# Nardo Grey S line from Luxembourg



## [email protected] (Apr 9, 2004)

Marc from Luxembourg just sent these over via Facebook. Perfect in my opinion. I've posted this and more pics on our blog.

http://fourtitude.com/news/audi_exc...e-nardo-grey-a3-s-line-sedan-jealous-jealous/


----------



## Dan Halen (May 16, 2002)

OH





MY





EFFING





GAWD




















































... nope, still not enough. Still going to defect due to the delay... :facepalm:


----------



## jrwamp (Mar 25, 2011)

Dan Halen said:


> OH
> 
> 
> 
> ...


+1 on the OMG.

But yeah, still not worth the extra $3900 on top of an already optioned out car. If Sepang wasn't a normal color option I would be MUCH more inclined to dip into exclusive. But really, Nardo looks amazing on this car. Great find.


Sent from my iPhone using Tapatalk


----------



## Chimera (Jul 6, 2002)

Funny, I was day dreaming about Exclusive availability recently and had boiled my color of choice down to Nardo.

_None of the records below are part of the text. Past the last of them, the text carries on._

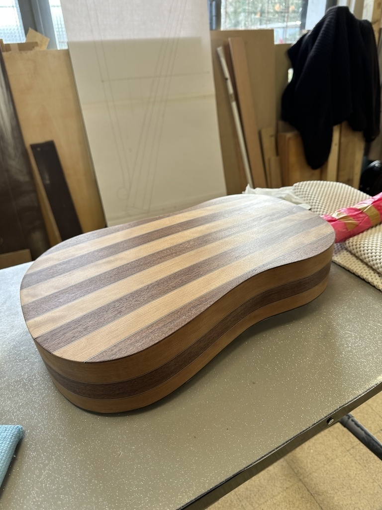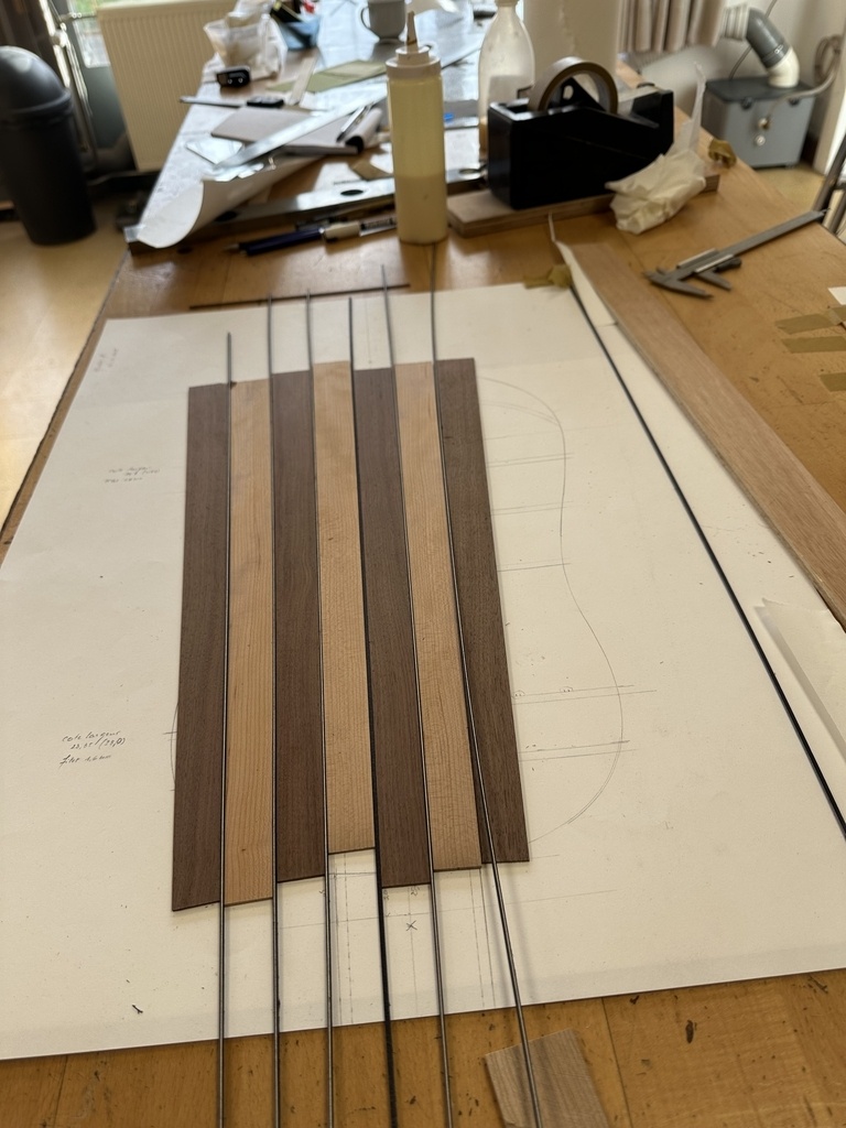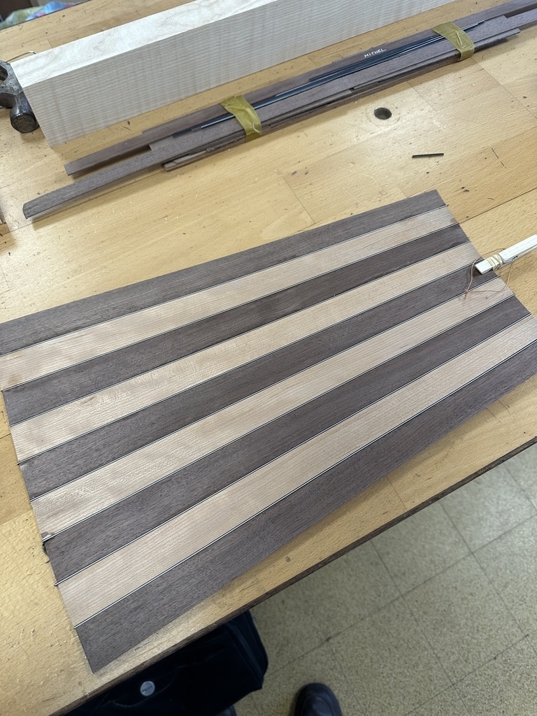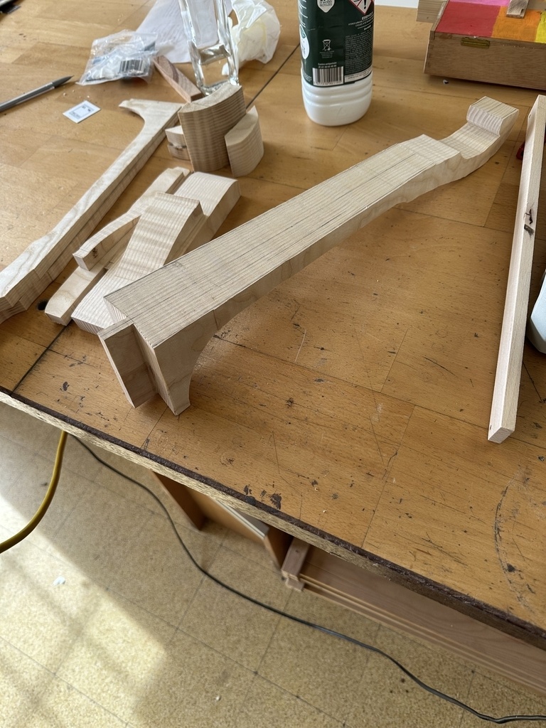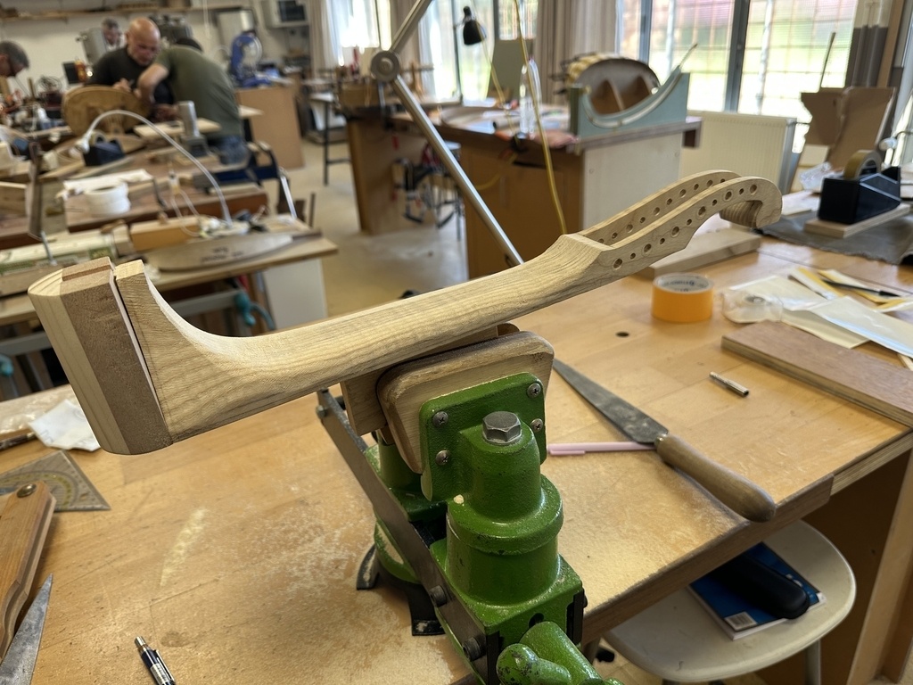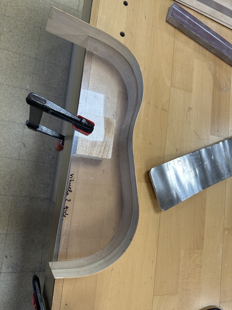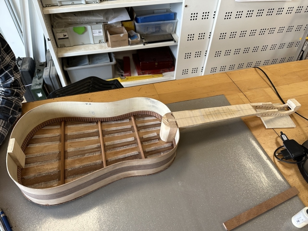 Comme juste à côté de notre atelier de marionnettes, s'est installé un atelier de lutherie, je ne voulais pas mourir idiot et j'ai voulu savoir comment on fabriquait un instrument à cordes grattées. Mes mentors, deux artistes exceptionnels, Renzo SALVADOR et Aurélien GOUX, m'ont proposé de réaliser une guitare de la Renaissance (Vihuela de mano) alliant de nombreuses techniques de lutherie et d'essences de bois (noyer, merisier, ébène, érable ondé, frêne ondé, ...) mais aussi de la sculpture. Je joins quelques photos des étapes de cette réalisation, une grande première pour moi.
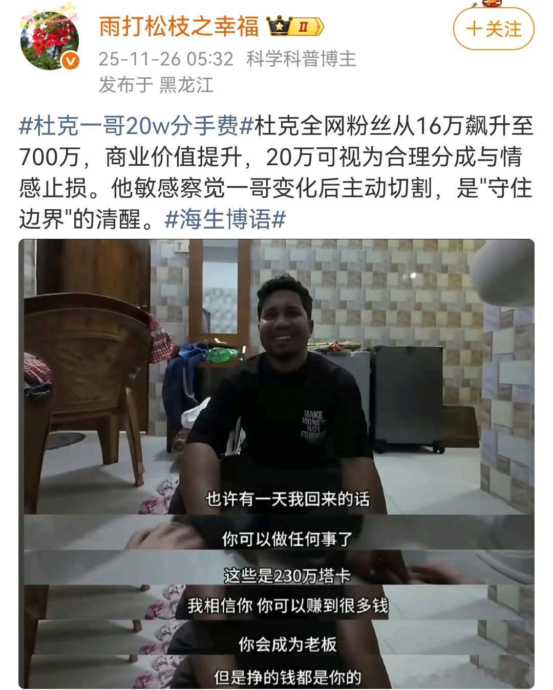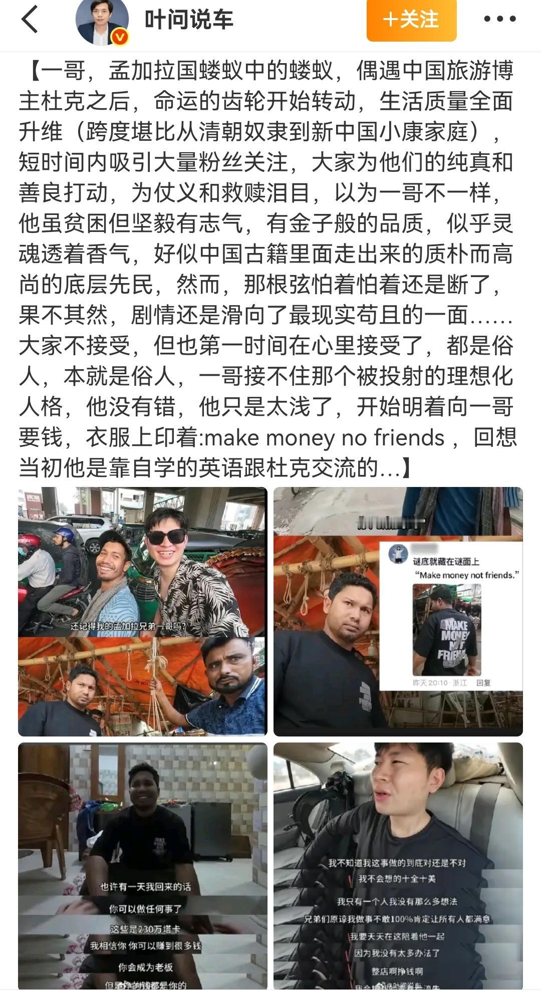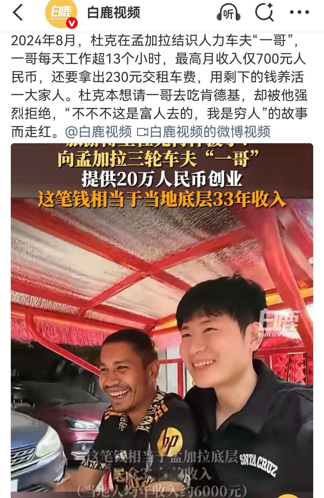 相识于微末,分别于高光。 (如图所示)去年一个环球旅游小博主“杜克”在孟加拉旅游,偶然结识了一个当地的三轮车夫“一哥”,他们之间充满友情的异国故事曾经让无数网友泪颜,但人性终归经不住考验。杜克已经成为大网红、大博主,一哥的生活也已天翻地覆。相识于微末,分别于高光,这才是人性,这才是生活。
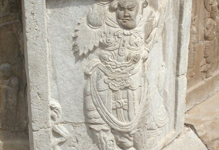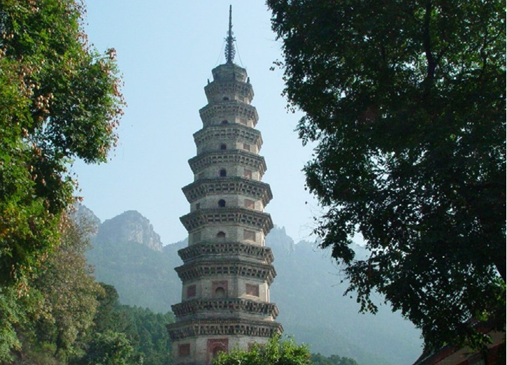 “辟支”出于佛教,音譯為“辟支迦佛陀”,略稱“辟支佛”,辟支塔,意即辟支佛塔。辟支塔為一座八角九層樓閣式磚塔,塔高55.7米,塔基為石筑八角,上有浮雕,鐫刻有古印度孔雀王朝阿育王皈依佛門等故事。塔身為青磚砌就,各層皆施腰檐,下三層為雙檐,二至四層檐下置平座。塔檐與塔徑自下而上逐層遞減,收分得體。塔內(nèi)一至四層設(shè)塔心柱,內(nèi)辟券洞,砌有臺階,可拾級而上,自第五層以上砌為實體,登塔須沿塔壁外腰檐左轉(zhuǎn)90度進入上層門洞。塔身上置鐵質(zhì)塔剎,由覆缽露盤、相輪、寶蓋、圓光、仰月、寶珠組成,自寶蓋下垂八根鐵鏈,由第九層塔檐角上的八尊鐵質(zhì)金剛承接,在塔內(nèi)延續(xù)到地下,起避雷作用。辟支塔氣勢雄偉、造型美觀、結(jié)構(gòu)復(fù)雜、比例適當(dāng),呈典型的宋代風(fēng)格,為靈巖寺標(biāo)志性建筑。宋代文學(xué)家曾鞏有詩贊曰“法定禪房臨峭谷,辟支靈塔冠層巒”。

Interesting to see it in the flesh on this model. I'm less then stoked about the colors that are available for the S3 (I'd get lotus if avail). Exclusive is 100% not available at this time for us, correct George?


----------



## Dan Halen (May 16, 2002)

I was told back in late June that I could tender my order for an Exclusive color.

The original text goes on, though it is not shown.